Something in the air
And it will be in my hands some time today! Just in time for me to take it on the plane tomorrow. Yes, the new Macbook Air is a perfect travel partner. I'll give you my review of it soon.
The Air Has Landed
The good, the bad and the ugly. Well, there's absolutely nothing ugly about the macbook air. It's absolutely gorgeous. Thin thin thin. It is much sturdier and lighter than I expected. It feels weightless. HUGE plusses for design and portability. The keyboard feels great. The screen looks fantastic. You can see some comparisons with my 15" macbook pro. It's definitely smaller by a long shot. I love the lighted keyboard. It seems to function even better than my MBP. 
As for performance, it's not the quickest horse out of the gate but it certainly wasn't as pokey as I expected based on the reviews out there. For most major tasks - keynote, pages, word, web browsing - it performs just fine. It even compared with my 2.0 GHz MBP in iphoto - granted with far fewer photos in the library. I don't need anything more intensive really, so this is good.
Did I mention it was thin? I can hardly tell it's in my bag when I carry it around. That's exactly what I need for traveling. For this reason it is fantastic for me.

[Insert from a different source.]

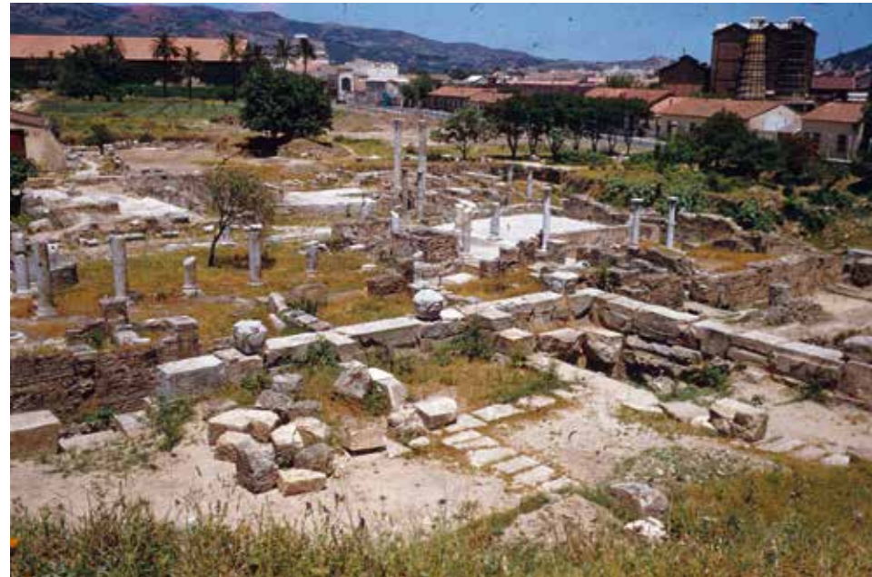
Restanten van een villa in Hippo Regius (Algerije) (Foto: R.V.Schoder, Loyola University of Chicago).

was het goed en had hij zijn broeder gewonnen. Lukte dat niet, dan moest hij een of twee man erbij halen, en als de ander die ook niet serieus nam, de hele gemeente. Wilde hij dan nog niet luisteren, dan moest zo iemand gelden als een heiden of tollenaar.

One thing I noticed was that the charger works either way it is plugged in. I know some people have complained that the cord bends too much when plugged in if the plug is behind you. No worries. You can just attach the connector the other way around and no more 180 cord bending. The one negative thing that I would say is a real fault is the slow slow battery charging. I just noticed that it is only 35% charged after an hour plugged in when it was down to 15%. Apple, without a replaceable battery, you need to do better than this! Hopefully this can be resolved with a software update soon.
Overall I give this one Three Thumbs Up!
Depressed?
Depression seems to be the illness of the 21st century and for more than 15 years Selective Serotonin Reuptake Inhibitors have been the pill of choice. Yes, the number of prescriptions of these antidepressants (effexor, prozac, seroxat, etc) has increased exponentially. So much so that these drugs being excreted by humans is negatively affecting wildlife. With all the billions of dollars being spent on these drugs has anyone ever asked the question, Do they help? Well, psychologists at the University of Hull have reviewed the results of about 50 clinical trials. Their conclusions? SSRI antidepressants do not really seem to provide a benefit to most people as compared to placebos. Sure, there's a little evidence that they help to some extent the most severely depressed, but the large majority of the millions of prescriptions really are doing nothing but causing gender confusion among the fish and frogs.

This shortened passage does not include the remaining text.